---- Data to examine

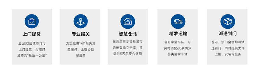 報關(guān)服務(wù) | 合同承運 | 代墊雜費 | 裝卸服務(wù) | 派送上門
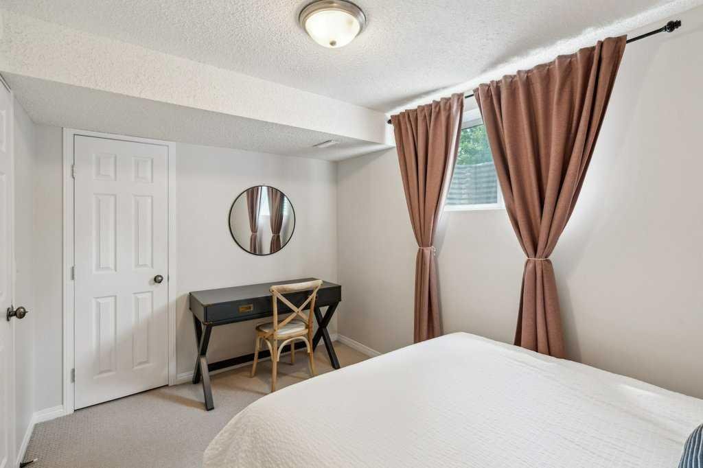 The chef-inspired maple kitchen gleams with granite countertops, a breakfast bar, stainless steel appliances, and a corner walk-in pantry, overlooking a spacious family room and a bright breakfast nook—perfect for daily living and entertaining. The walkout lower level adds two more bedrooms, a full bathroom, and a living area with a summer kitchen, plus oversized windows that flood the space with natural light. This level was previously configured as an Airbnb and may be adaptable to a legal secondary suite (subject to city approvals). The additional bedrooms can also serve as a home office or gym, and an interior bonus room with a skylight enhances both practicality and style.
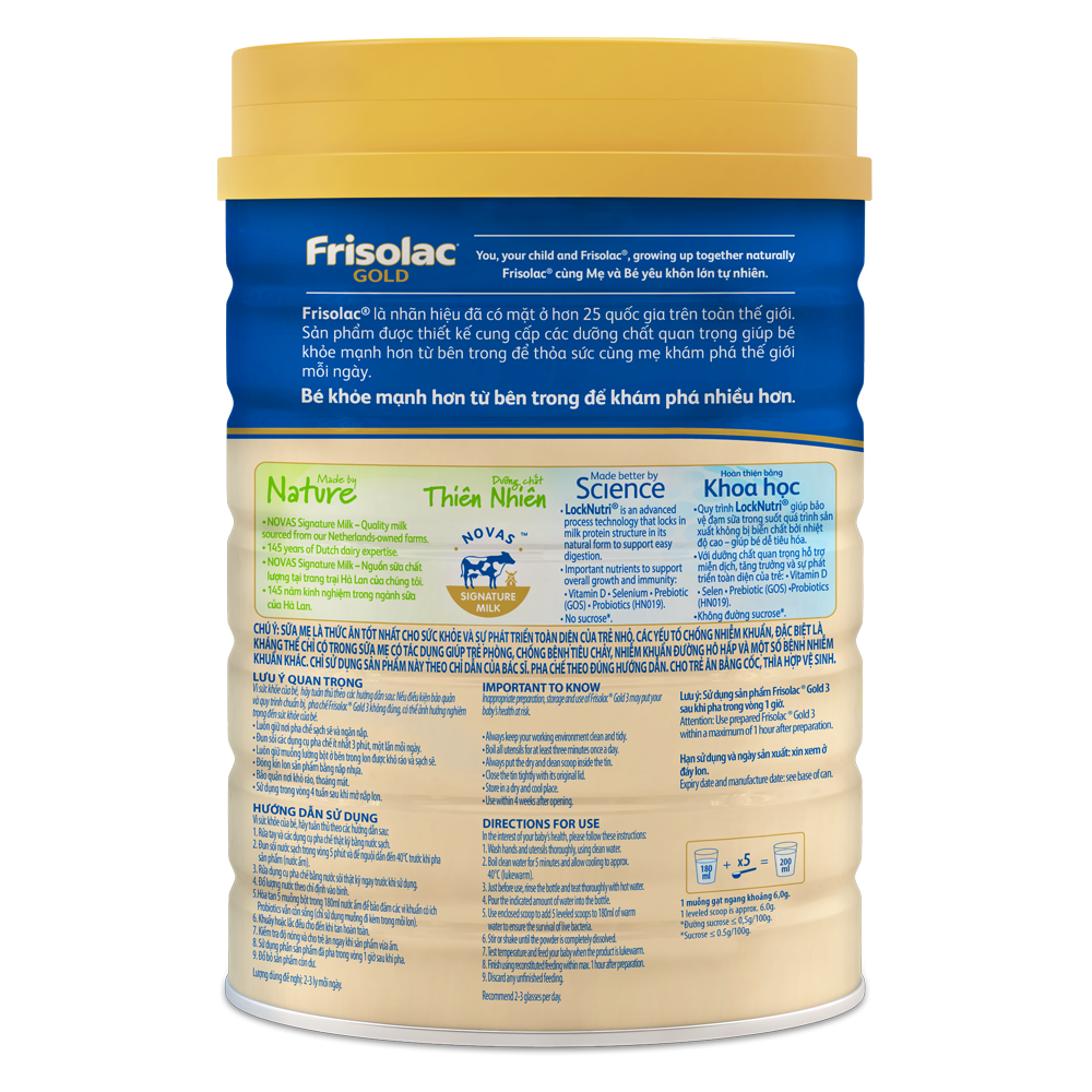 | Cảnh báo | . Sử dụng sản phẩm Frisolac®Gold 3 sau khi pha trong vòng 1 giờ. . Nếu điều kiện bảo quản, quy trình chuẩn bị và pha chế Frisolac®Gold 3 không đúng, có thể ảnh hưởng nghiêm trọng đến sức khỏe của bé. |
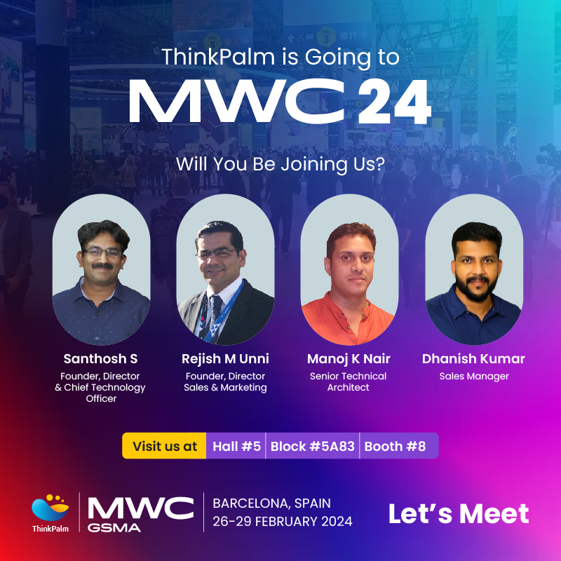 ThinkPalm Technologies is attending MWC 2024, the world’s most acclaimed mobile and connectivity event, scheduled to be held in Barcelona from 26 February to 29 February 2024.
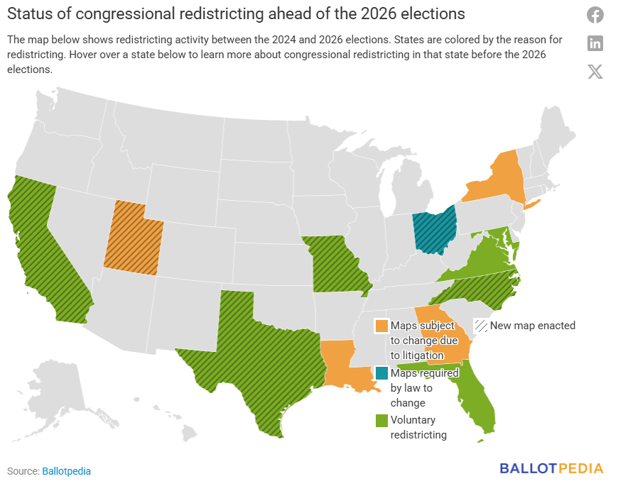 As of February 2026, six states changed congressional maps before the 2026 elections—California, Missouri, North Carolina, Ohio, Texas, and Utah. Three states had taken official action toward voluntary redistricting, and three states had congressional maps that were subject to change due to litigation. Before 2025, only two states had conducted voluntary mid-decade redistricting since 1970.

--------

Repeat nothing but the lines from the one containing "The chef-inspired maple" through the end of the entries, exactly, and skip the pictures.

 The chef-inspired maple kitchen gleams with granite countertops, a breakfast bar, stainless steel appliances, and a corner walk-in pantry, overlooking a spacious family room and a bright breakfast nook—perfect for daily living and entertaining. The walkout lower level adds two more bedrooms, a full bathroom, and a living area with a summer kitchen, plus oversized windows that flood the space with natural light. This level was previously configured as an Airbnb and may be adaptable to a legal secondary suite (subject to city approvals). The additional bedrooms can also serve as a home office or gym, and an interior bonus room with a skylight enhances both practicality and style.
 | Cảnh báo | . Sử dụng sản phẩm Frisolac®Gold 3 sau khi pha trong vòng 1 giờ. . Nếu điều kiện bảo quản, quy trình chuẩn bị và pha chế Frisolac®Gold 3 không đúng, có thể ảnh hưởng nghiêm trọng đến sức khỏe của bé. |
 ThinkPalm Technologies is attending MWC 2024, the world’s most acclaimed mobile and connectivity event, scheduled to be held in Barcelona from 26 February to 29 February 2024.
 As of February 2026, six states changed congressional maps before the 2026 elections—California, Missouri, North Carolina, Ohio, Texas, and Utah. Three states had taken official action toward voluntary redistricting, and three states had congressional maps that were subject to change due to litigation. Before 2025, only two states had conducted voluntary mid-decade redistricting since 1970.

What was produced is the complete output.